There’s a lot our sons need to learn from their dads, and it won’t happen by osmosis. And they’ll be gone from Dads’ direct influence much sooner than expected. Too many dads might not have some of the skills and experiences to adequately provide all that is needed. When this is the situation, it’s a good opportunity for Dads and their sons to learn together! Or perhaps the Dads can learn something a little ahead of when they need to teach it to sons.
As I grow older and prayerfully observe what is taking place in our world, my conviction grows stronger that fathers need to sharpen their fathering skills. Our boys are staying boys far too long. Too many dads aren’t giving them the kind of modeling that produces both toughness and tenderness. In my opinion, parents have abdicated far too much training to school teachers and youth pastors and sports coaches. And while these people are welcome to help with this process, it is the dads who bear the primary responsibility. When this doesn’t happen, one unexpected consequence: sons think less of their fathers because their fathers aren’t the ones guiding them.
Dads: you can avoid a lot of resentment. Even when your son doesn’t like it, it’s hard for him to resent you for doing things that are in his best interest. And while he will probably not articulate this for many years, if at all, he will still feel it.

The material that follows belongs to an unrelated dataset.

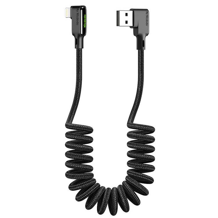 کابل USB به لایتنینگ مک دودو مدل CA-7300 طول 1.8 متر دارای زاویه 90 درجه در سوکت لایتنینگ و سوکت USB است که علاوه بر افزایش طول عمر کابل از دست و پاگیر بودن کابل در زمان شارژ جلوگیری میکند.این کابل فنری بسیار مناسب بازی و فیلم در حالت شارژ و استفاده در خودرو میباشد.کابل لایتنینگ مک دودو دارای کابل کنفی مقاوم و شکیل بافته شده از الیاف TPE میباشد.قابلیت انتقال دیتا و شارژ سریع با انتقال 3 آمپر جریان از خصوصیات این کابل است.چراغ LED تعبیه شده بر روی کابل باعث سهولت پیدا کردن کابل در محیط تاریک شده و جلوه خاصی به کابل می دهد.

I’ve grouped these guiding principles into three categories: Mindsets, Relationships with Others, and Specific Skills and Experiences. Some things might take only a few minutes for a boy to master. For others, mastery requires practice over several years. Some may be “caught” from Dads’ modeling rather than specifically “taught.” All are important. Each boy will need a custom-tailored approach to learn what he needs to learn. And I believe that’s why God put you in place, Dad!
DAD: Teach your son to:
- Honor God, his Creator
- Tell the truth, and keep promises as commitments
- Be self-controlled
- Keep soul-stifling fears in check
- Learn to accept that delayed gratification is sweeter
- Distinguish between needs and wants
- Always do his best
- That steady progress over a long time yields man-sized results
- Dream big dreams
- Realize he can either lead or abdicate leadership, but he can’t outsource it
The guiding principles listed above involve lessons that can be categorized as mindsets. In the coming weeks, the column will continue to focus on guiding principles, and the specific focus will be Relationships with Others, and later on Specific Skills and Experiences.
If you are a dad, please seriously consider helping to guide your sons’ mindset. TEACH and MODEL!